A day in Nerva
Oct. 15th, 2003 08:37 pmSpain is on Central European Time, despite being relatively far west. So the sun rises around 8am and sets around 7:45pm, presently.
Nerva is one of those small (5000 people) white Andalusian hill towns... Typically, before dawn the town is quiet after the last bars close (2am, here). Then, stirring, around 6:30-7am. Still dark. My windows are open, unless it has been raining. I turn over, look at the clock, and go back to sleep. Around 7:30, the sky begins to lighten. Roosters crow... one, then multiples in a kind of round. Then car noises begin, my alarm goes off at 7:45 and I drag myself up. Sometimes checking email, then showering. Downstairs for the team breakfast at 8:30am. It is still before midnight in California...
Breakfast... toasted baguettes, typically. With tangy fresh-squeezed zumo de naranja (orange juice) in a tall thin glass. Cafe con leche, in the extra-large cups. Jam and butter and olive oil. The Spanish tend to nibble their toast sleepily. A few look hung over. A few Americans ask for eggs and bacon. People dribble in. Around 9:15, we make the day's announcements and plans and people drift off to the lab, located in the museum in the town of Rio Tinto (4 km away), or to the borehole site.
Here's a 9:30am view of the mine, driving out of Nerva towards the lab... Nerva has no castle on a cliff or old church or boot factories... it is an Andalusian hill town (on a small hill) surrounded by a huge 2000-year-old industrial waste site. Effectively. But the colors are pretty, even if little grows on the land surrounding the town. It *is* a Mars-analog site, after all ;-). Albeit one with bars and culture.

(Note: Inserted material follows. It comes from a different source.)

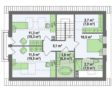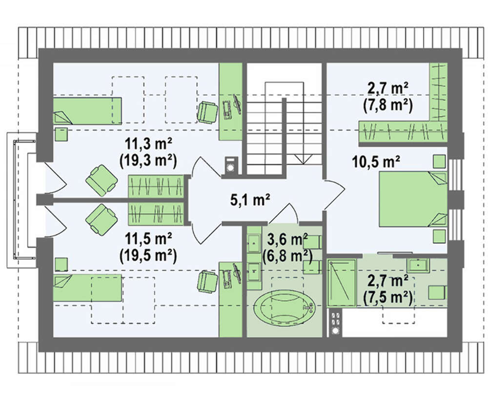 Жилая комната на нижнем уровне может быть использована в качестве личного кабинета хозяина, спальни для членов семьи старшего поколения или комнаты отдыха для гостей. Остальная площадь отдана под территорию сна. Здесь расположены апартаменты владельца дома с личным санузлом и собственным гардеробом. Остальное пространство уровня разделено между двумя спальнями одинаковой площади и уровня комфортности с общим санузлом.
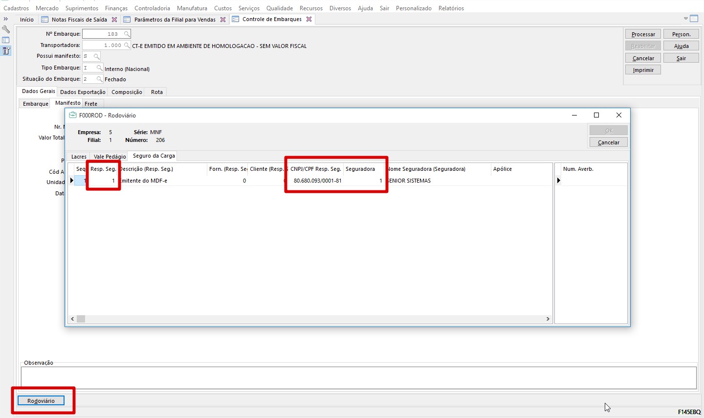 Mercado > Gestão de Faturamento e Outras Saídas > Notas Fiscais de Saída > Geração controle Embarque (F145EBQ)

We work from about 9:45am until 2:30pm... then head back to the hotel for lunch (the hotel is the pink building with the sign).

Sometimes, if cores are coming in and we're behind, some of the Americans will work through lunchtime -- ordering bocadillos (sandwiches) to be delivered from the hotel. Everyone else goes back for lunch. Lunch today was bread, bottled water and tinto (red wine), a tapa (snack) of plates of olives, then small individual plates of some kind of potato salad scooped up with small breadsticks. Then the first plata was churrasco minero (a hearty spiced stew), followed by pitchers of sangria and a second plata of broiled chicken with potatoes and asparagus, followed by coffee and either fruit or flan for dessert. This was actually rather ordinary... by Casiano's standards, at least. Sometimes we have paella or fresh fish.
Today I awarded Casiano a thank-you picture, signed by the NASA and CAB team members, for keeping us well fed and happy :-). Javier from CAB is on the far right.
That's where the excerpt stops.